# Off Bike > Ranger's Talk Corner & Off-Topic >  Vorratsdatenspeicherung

## georg

Hallo,
es wird Zeit:  www.verfassungsklage.at

1.) Onlineformular ausfüllen
2.) Ausdrucken
3.) Unterschreiben
4.) Rein in ein Kuvert and ab zur Post!

Am 18.5 muß es dort sein. Danach ist es zu spät!

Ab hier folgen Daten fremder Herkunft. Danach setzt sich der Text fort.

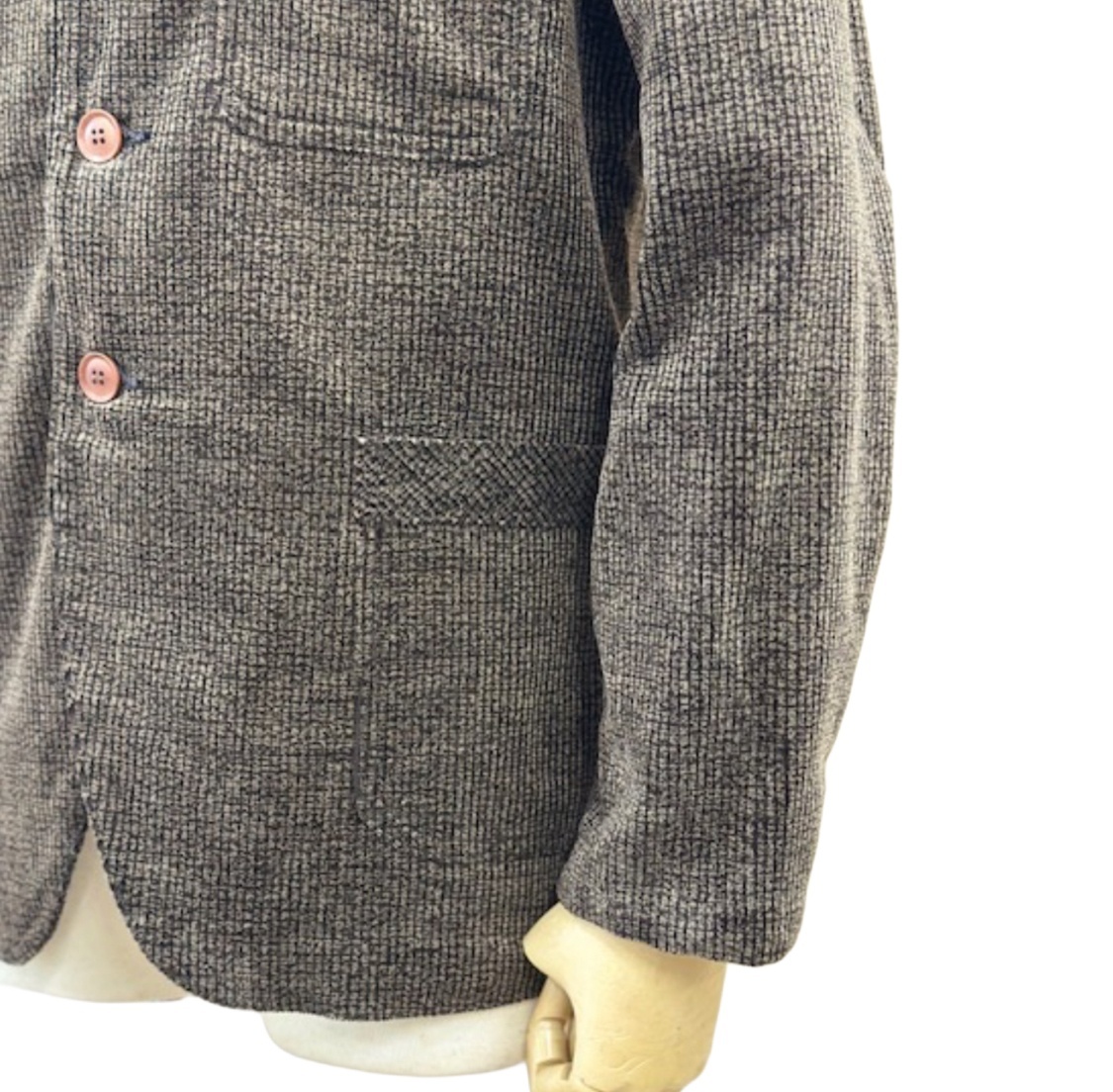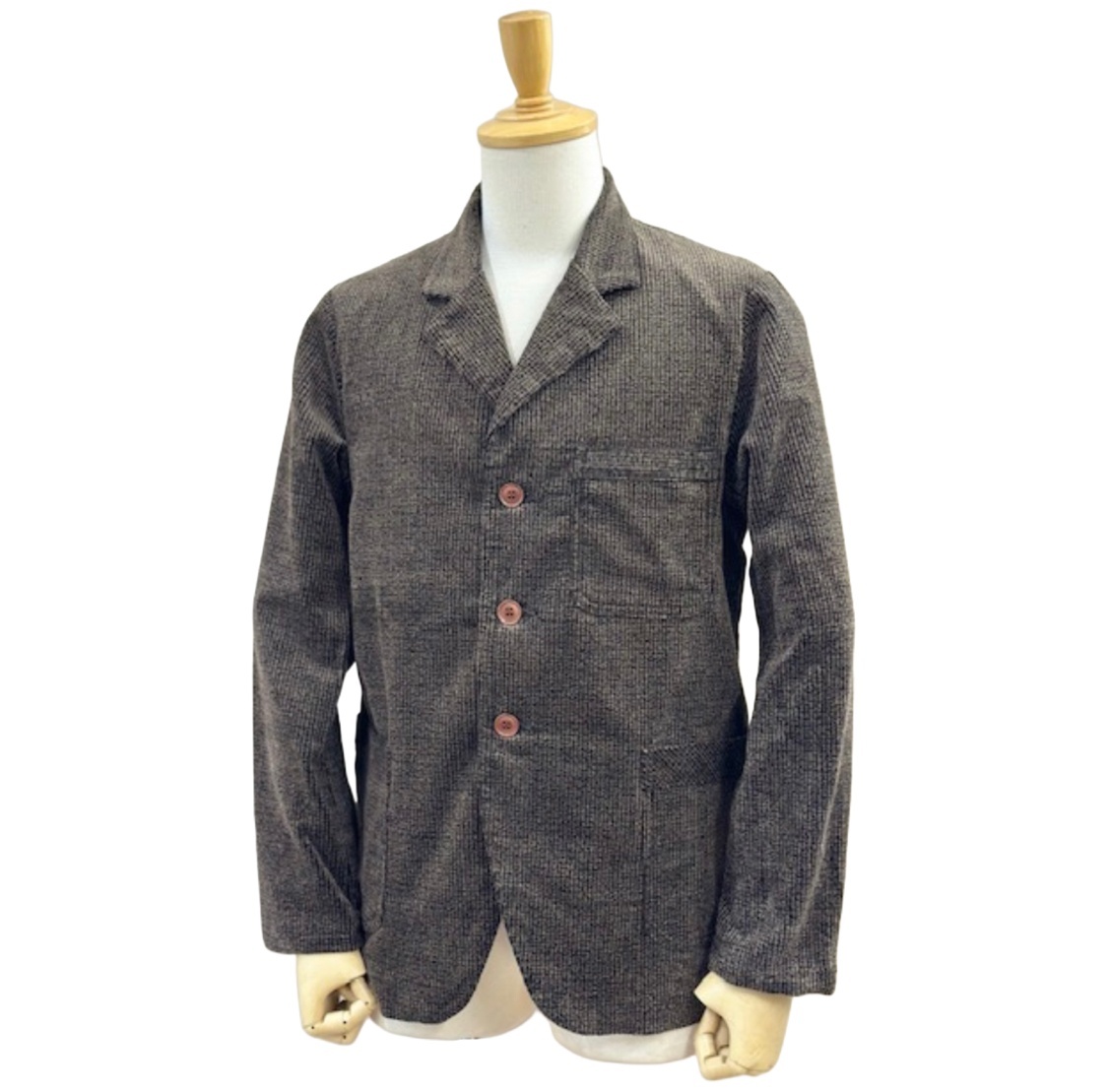小振りな襟やラペル、貼り付けポケットなどが特徴的で古き良き時代のディテールを取り入れたジャケットに仕上げました。

Und wenn man schon dabei ist: www.zeichnemit.at/

 :Austria:

----------


## stephan-

Ach, nun ist es bei euch auch so weit?

----------


## georg

Wir sind schon "weiter" als ihr.. bei uns ist es seit 1.4 umgesetzt und es wird bereits gespeichert. In D wird noch rumüberlegt.

----------


## stephan-

Da bist du falsch informiert. Bei uns wurde die VDS trotz Widerstand der Bevölkerung durchgewunken und lief einige Zeit (Monate, oder war es sogar ein Jahr?). Danach hat ein Gericht entdeckt, dass unsere Regierung - mal wieder - etwas verfassungswidriges erlassen hat. Daraufhin wurde die VDS wieder eingestellt, wobei manche Provider sich daran nicht hielten und weiter gesammelt haben.
Kann aber gut sein, dass sie nun schon wieder zur Debatte steht, das weiß ich nicht.

----------